Schon 2018 hatten auch die Wohnungsgenossenschaften kritisiert, dass die Zielgrößen dessen, was die Landesregierung als Sozialer Wohnungsbau definiert, und die Leipziger KdU-Sätze überhaupt nicht zusammenpassen.

Was im Ergebnis dann heißt, dass nicht der geförderte Wohnungsbau zustande kommt, den eine Stadt wie Leipzig tatsächlich braucht. Man kann die Landkreise ruhig mit einbeziehen. Ein künstlich fixierter Zielwert, der nicht zu den Einkommensklassen, wie sie in Leipzig tatsächlich die Regel sind, passt, entspannt den Wohnungsmarkt nicht.

Von den viel zu geringen Fördergeldern für geförderten Wohnungsbau an sich ganz zu schweigen. Der Grund ist simpel – und entlarvend: Auch Sachsens Wohnungspolitik sieht „den Markt“ als wichtigstes Regulationselement, obwohl der Markt schlicht nicht funktioniert, wenn Baupreise schneller steigen als die niedrigen Einkommen, um die es die ganze Zeit geht.

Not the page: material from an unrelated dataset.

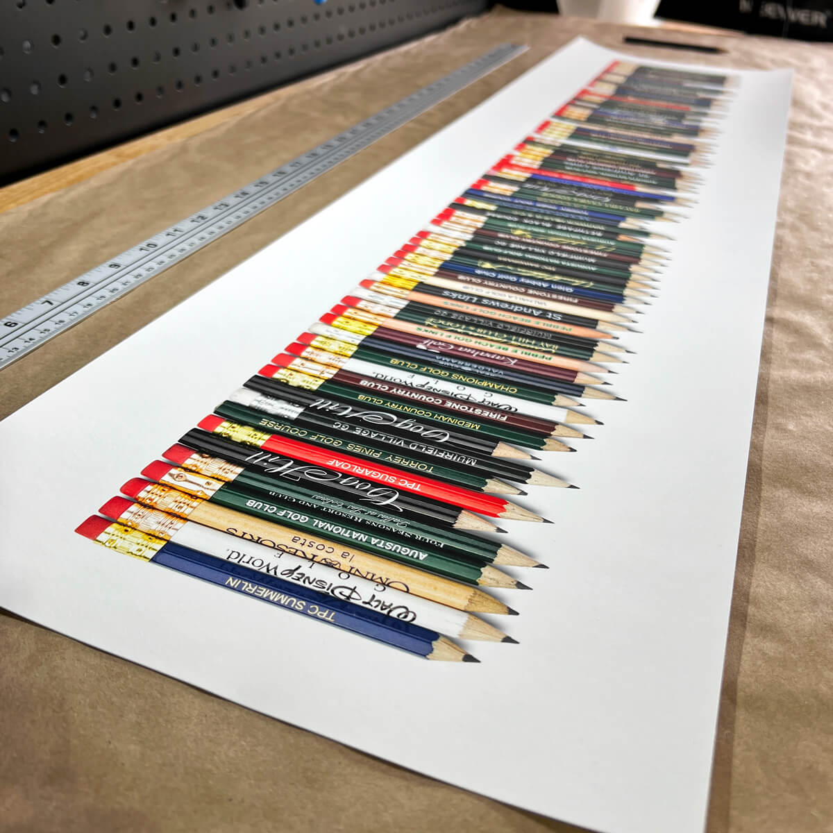 An incredibly cool, inspirational and unique fine art print that honors one of the best golfers of all time. Winning Wood 82 is a compilation of pencils from all the golf courses (in order) where Woods was victorious.

Die Einkommen jener Menschen, die auch in Leipzig im Schnitt 45 Prozent ihrer Einkommen für die Miete hinlegen und eben nicht die vom Amt für Statistik und Wahlen für die Gesamtstadt errechneten 30 bis 32 Prozent, in denen auch viele Gutverdiener-Haushalte stecken, die vom niedrigen Mietniveau der Vergangenheit profitieren oder die so gut verdienen, dass auch teure Wohnungen nur 20 Prozent ihres Einkommens beanspruchen.

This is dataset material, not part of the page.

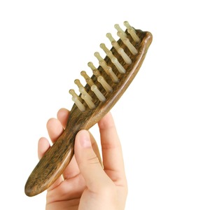 牛の角の櫛のクランクの歯を挿して頭皮の家庭のブラシをマッサージします。

Durchschnitte verstellen die Sicht auf die Wirklichkeit und vor allem auf diejenigen, die wirklich unter den Marktverzerrungen leiden und dann lieber mit Familie in zu kleinen Wohnungen leben oder ganz auf Kinder verzichten.

Nur so als Folgerung: „Der Markt“ verachtet Kinder. Sie spielen in „seinen“ Renditeerwartungen keine Rolle.

Die Dimension „Familie“ müsste eigentlich die Politik bedenken und ermöglichen. Aber da tun sich nicht nur Stadtverwaltungen schwer. Vielleicht ist das Thema zu kompliziert oder einfach zu fremd. Entsprechend zäh waren ja die Verhandlungen der SPD als Juniorpartner der CDU, als sie 2016 überhaupt erst einmal eine Fördersumme für „sozialen“ Wohnungsbau aushandelten.

Mit einer viel zu geringen Summe, die nicht wirklich hilft, den Druck aus der schlechter verdienenden Stadtbevölkerung zu nehmen, die eher mit Lebensqualität und Kinderverzicht bezahlt, als zu rebellieren. Denn wer so existenziell ständig am Limit lebt, der rebelliert nicht. Der zündet auch keine Baukräne an. Der geht eher nicht mehr zur Wahl, wenn auf dem Wahlzettel keiner steht, der wirklich bereit ist, für die Lösung ihrer Probleme zu kämpfen.